İyi okumalar, sizi seviyoruz♡

LOUIS' POV.

Barın kapısından girer girmez Niall'ın yönlendirmesiyle en yakın yere oturduk. Neden geldiğimizi bile bilmiyordum. Her ölümden döndüğümüzde kutlama yapıyor, sevgililerimizin bayılana kadar içmesini izliyorduk. Mantıksız olduğu kadar gereksizdi de.

Harry her zamanki gibi Niall ve Liam arasında dönen sohbeti dinlemese de benim adımın geçmesiyle dikkatini Liam'a verdi.

"Louis içeri gelseydi Jeff'i tanıyıp bizi uyarırdı belki de, önceden fark etmemiz gerekirdi, nasıl bu kadar aptal olabildik anlamadım."

"Hata sende Liam. Düğünde herkese kendini komiser diye tanıttın, amirim deseydin sevgilini korurdun. Bu kadar basit." Harry'nin dediği şeye Niall kahkaha atarken biz kaşlarımızı kaldırarak tepki verdik.
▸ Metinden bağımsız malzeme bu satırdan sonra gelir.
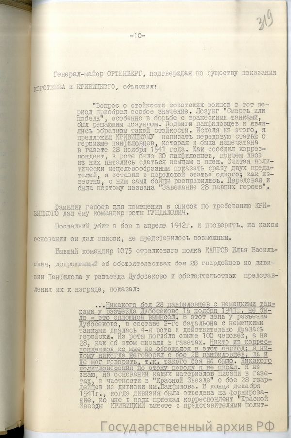 А для меня это пример лживой и преступной пропаганды, засирания мозгов, под прикрытием которого бездарно гнобились сотни тысяч и миллионы солдат Смотрите внимательно. Он начинает с вброса тезиса: "Ваши панфиловцы - говно". Именно это он и сказал, не меньше. Далее он "обосновывает" тем, что боевой эпизод был записан немного не так. А что не так? Может, дивизия Панфилова не обороняла Москву? Может, она не отразила немецких атак? Затем называет описание подвига "преступной и лживой пропагандой". От так от! Защита Родины, самопожертвование, выполнение воиского долга - это ложь. Для либерало-фашиста ничего такого не было. Призывы к защите Родины - преступная пропаганда. И мечет новый кусок говна в Россию про "бездарно гнобились миллионы". Это обычная ложь, которой нет доказательств, но он кидает ее вдогонку. Потом он скажет, что надо было сдать Ленинград. И вообще, надо было сразу сдаваться, пили бы баварское. Всё это либерало-фашисты уже говорили. И этот повторит. Спасибо! — Jumanji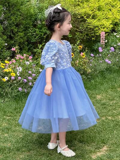 Young Girl Round Neck Mesh Patchwork Elegant Short Sleeve Summer Dress Formal Outfit-44%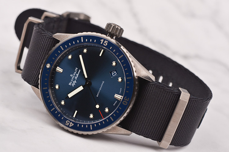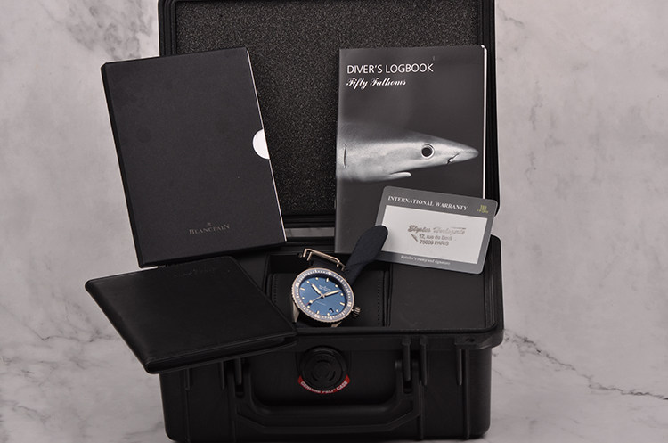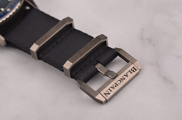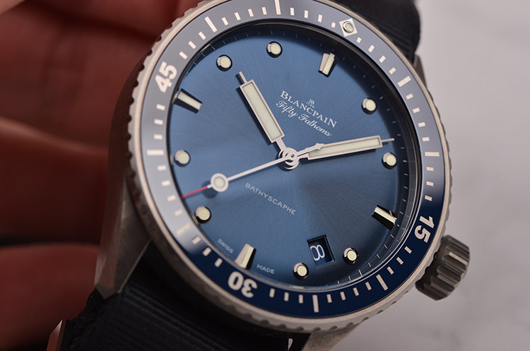 磨砂缎面灰色陶瓷表壳及表扣,原厂黑色NATO表带成色极新。单向旋转磨砂缎面蓝色陶瓷表圈,附Liquidmetal材质刻度。蓝宝石水晶镜面及底盖,立体蓝色表盘,夜光刻度及指针,4至5点位间日历显示功能。旋入式防水表冠。口径43.6MM*13.83MM,防水300M。
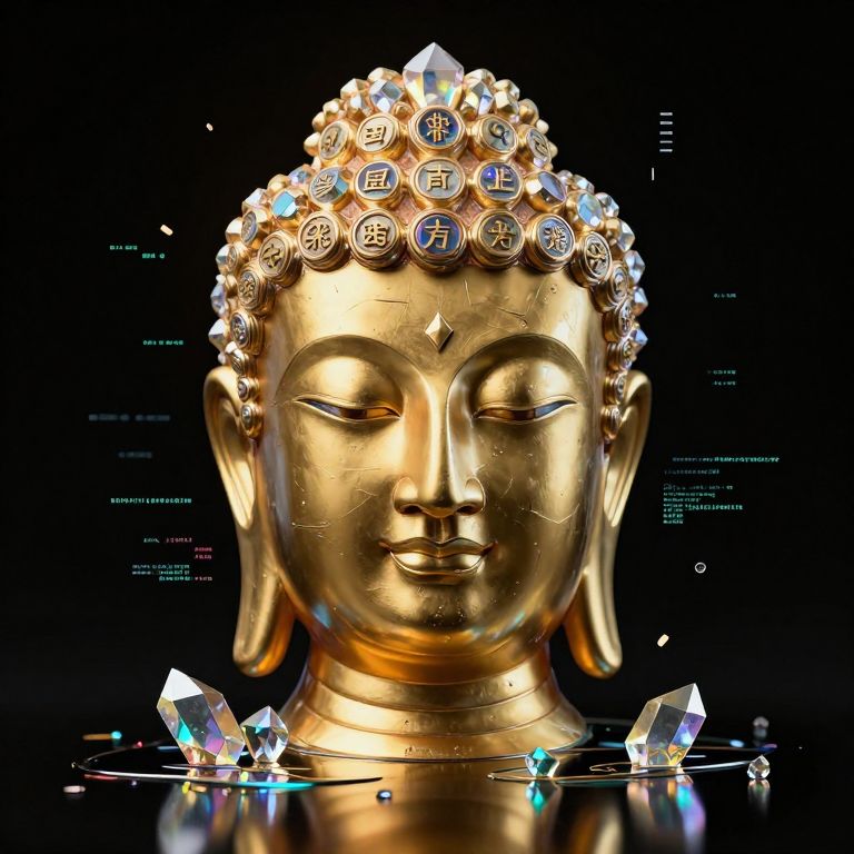 A golden 3D Buddha face emerges from a mirror, with iridescent crystals and ancient symbols, set against a black background, creating a cyberpunk, reflective, melting, and code-leak atmosphere.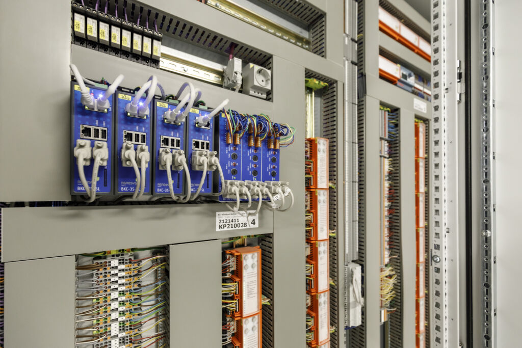 Die Erfüllung der vorgeschriebenen Sicherheitsanforderungen in Klinikbetrieben ist entscheidend, wenn es darum geht, Gesundheit und Wohlbefinden von Patienten, Mitarbeitern und Besuchern zu gewährleisten und einen reibungslosen Ablauf sicherzustellen. Jürgen Käller, zuständiger Architekt und Bauplaner am EvKB, betont: „Bei einem Klinik-Neubau ist eine exakte Planung über die gesamte Projektlaufzeit ein Muss, denn die Projektkomplexität und Sicherheitsanforderungen eines Klinikbetriebs sind hoch.“ Um diesen Ansprüchen gerecht zu werden, ist die Installation einer durchdachten Gebäudeautomation zur Regelung und Zusammenführung des technischen Kliniksystems unverzichtbar. Die Kinderklinik verfügt nun über eine technische Lösung, die von Kieback&Peter speziell für dieses Bauprojekt entwickelt und installiert wurde: Insgesamt drei Technikzentralen sorgen dafür, dass alle technischen und sicherheitsrelevanten Anforderungen der medizinischen Einrichtung erfüllt werden. Zwei dieser Zentralen sind für die Lüftung zuständig, während die dritte die Wärmeversorgung übernimmt. In den Technikzentralen befinden sich fünf von insgesamt sechs Automationsschwerpunkten (ASP). Der sechste ASP ist für die Entrauchung der Tiefgarage vorgesehen. In den ASP wurden etwa 30 Schaltschrankfelder installiert, in denen neun Automationsstationen vom Typ DDC4000e als Hutschienencontroller zum Einsatz kommen. Insgesamt wurden 1.450 physikalische und 1.650 kommunikative Datenpunkte konfiguriert, definiert und systemintegriert. Dafür wurden 150 Ein- und Ausgabemodule eingerichtet, die als Schnittstelle zwischen der Feld- und Automationsebene dienen. Sie erfassen die analogen und binären Werte und steuern die zugehörigen Komponenten an.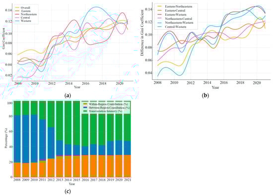 (a) Overall and within-region Gini coefficients, (b) between-region Gini coefficients, and (c) spatial variations and contribution rates of carbon emission efficiency in national high-tech zones.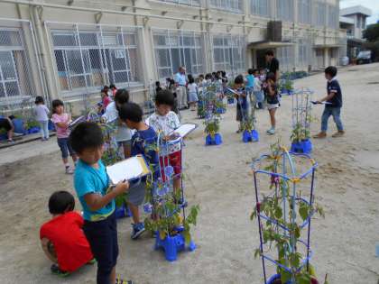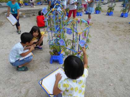 なつやすみのあいだは,おうちで おみずやりをがんばってくださいね。はなが,さいたあとは,どうなるかな?また,2がっきにがっこうでおしえてくださいね。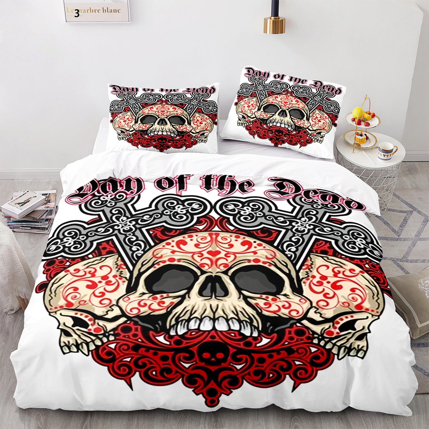 La housse de couette à motif clair, belle et imprimée de crâne apporte une mise à jour accrocheuse à votre chambre.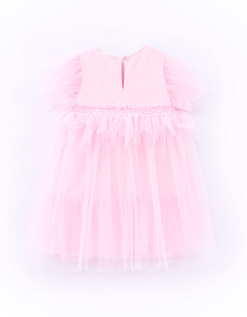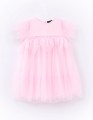 Дизайнерское платье в нежном оттенке для девочки. Комфортный А?образный силуэт с сетчатым подъюбником создаёт воздушность. Объёмные рукава?лепестки и декоративная лента превращают модель в платье?цветок. Пуговичка на спинке - нежный акцент.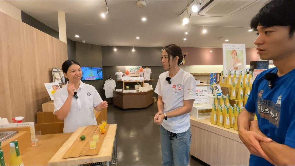 9月に採れる青切りシークワーサーと、12月に完熟したシークワーサーのジュースを飲み比べたひーとーさんとちよめのすけさん。青切りシークワーサーのパンチのある苦味と酸味には驚きを隠せず、完熟シークワーサーのフルーティーな甘酸っぱさには感動していました。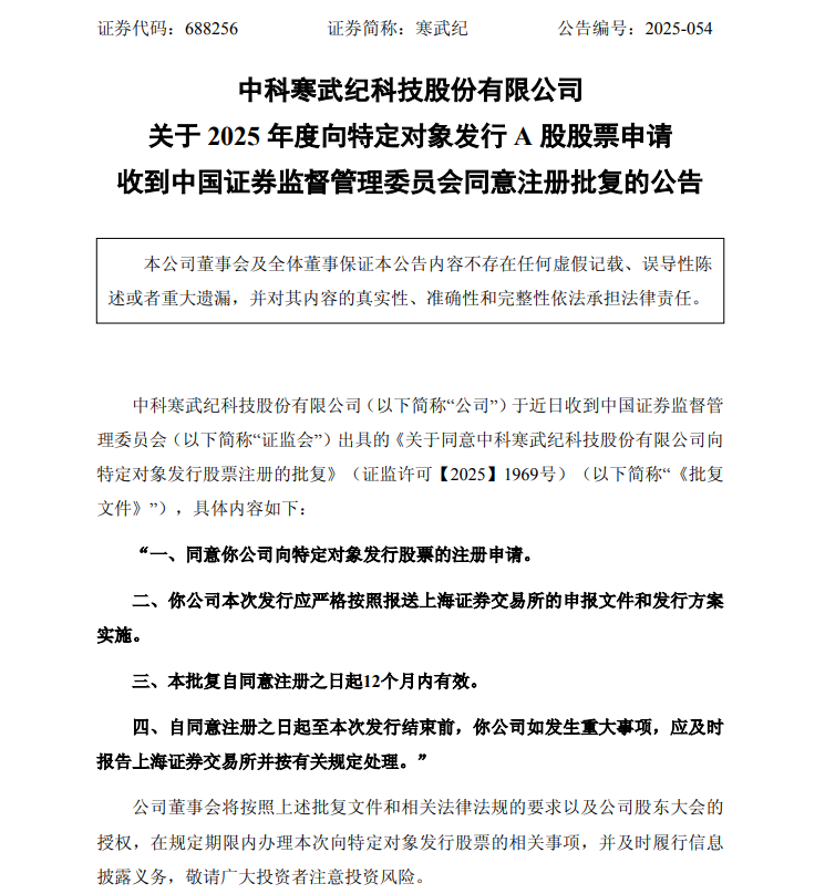 9月9日,寒武纪-U(688256.SH)公告称,公司于近日收到证监会出具的《关于同意中科寒武纪科技股份有限公司向特定对象发行股票注册的批复》。批复同意公司向特定对象发行股票的注册申请,有效期为12个月。公司将按照相关法律法规和批复文件的要求,在规定期限内办理本次向特定对象发行股票的相关事项,并及时履行信息披露义务。

"Bugün çok yoruldum, biraz stres atsaydım fena olmazdı yani." Gözlerimin içine bakarak sadece benim duyacağım bir tonda konuştu sevgilim. Ne demeye çalıştığını anlayınca kaşlarımla tuvaletlerin olduğu yeri gösterip peşimden gelmesini umarak ayaklandım. Tam tahmin ettiğim gibi kısa sürede tuvaletten içeri girdi. Gözlerine bakıp dudağımı ısırınca beni belimden tutarak geriye yürüttü. Boş tuvaletin boş kabinlerinden birine girince beni klozete oturtup üstüme çıktı. Şu altta olma işini sevmiş olmalıydı. Kalın dudaklarını boynuma yönlendirip ısırıklar bıraktı. Sonra yavaşça aşağıya doğru gidip önümde diz çöktü. Elini düğmeme atmıştı ki, telefonumun çalmasıyla ikimiz de inledik. Ben titreyen ellerimle ekrana bile bakmadan aramayı reddedince imzası haline gelmiş sırıtışıyla işine devam etti.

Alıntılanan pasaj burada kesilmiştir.